Data below:
# # # #
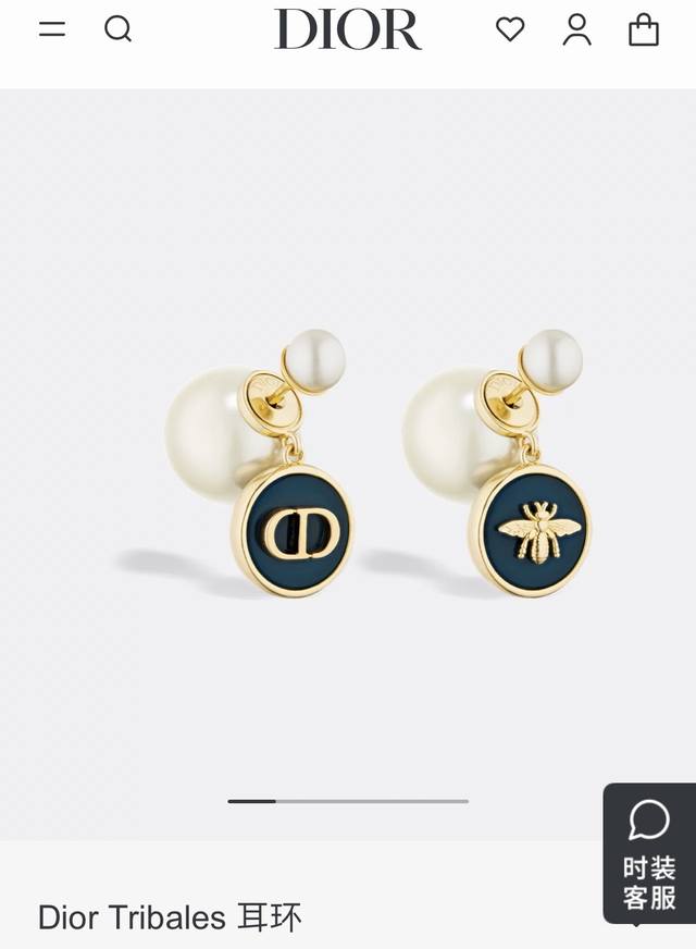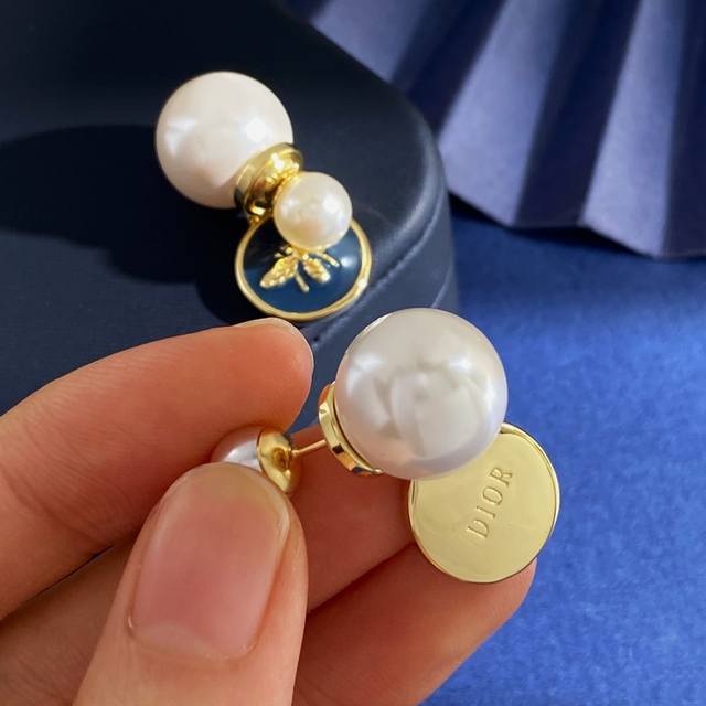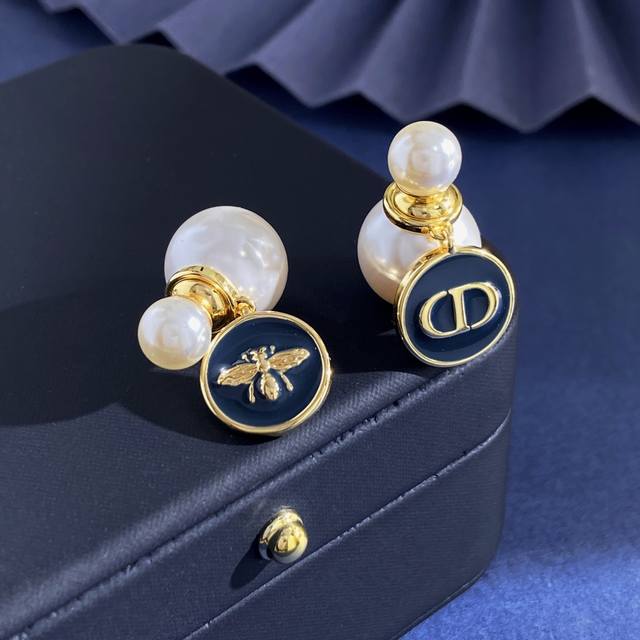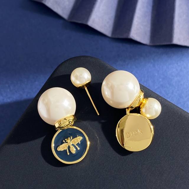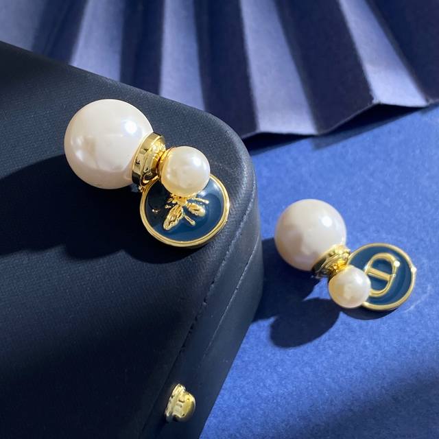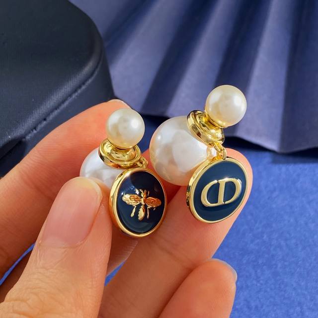 Dior new style high-end temperament fashion front and back hanging pearl pendant of different sizes navy blue ink blue oil drop round small bee Cd letter Ab with earrings earrings brass material gold weight about 10g total length about 2.65cm
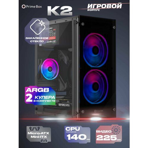 Корпус черный Prime Box K2 — это корпус микро atx с продуманной компоновкой, идеально подходящий для сборок с ограниченным пространством. Отлично подойдёт как игровой корпус для ПК, так и для домашнего или офисного ПК.
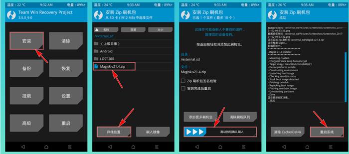 击安装,找到对应的刷机包直接滑动刷入,提示成功后,点击重启系统,静静等待开机
# # # #
How to complete this task:
Before handing back the copy, remove the pictures; otherwise print the data exactly.

Response to the task:
 Dior new style high-end temperament fashion front and back hanging pearl pendant of different sizes navy blue ink blue oil drop round small bee Cd letter Ab with earrings earrings brass material gold weight about 10g total length about 2.65cm
 Корпус черный Prime Box K2 — это корпус микро atx с продуманной компоновкой, идеально подходящий для сборок с ограниченным пространством. Отлично подойдёт как игровой корпус для ПК, так и для домашнего или офисного ПК.
 击安装,找到对应的刷机包直接滑动刷入,提示成功后,点击重启系统,静静等待开机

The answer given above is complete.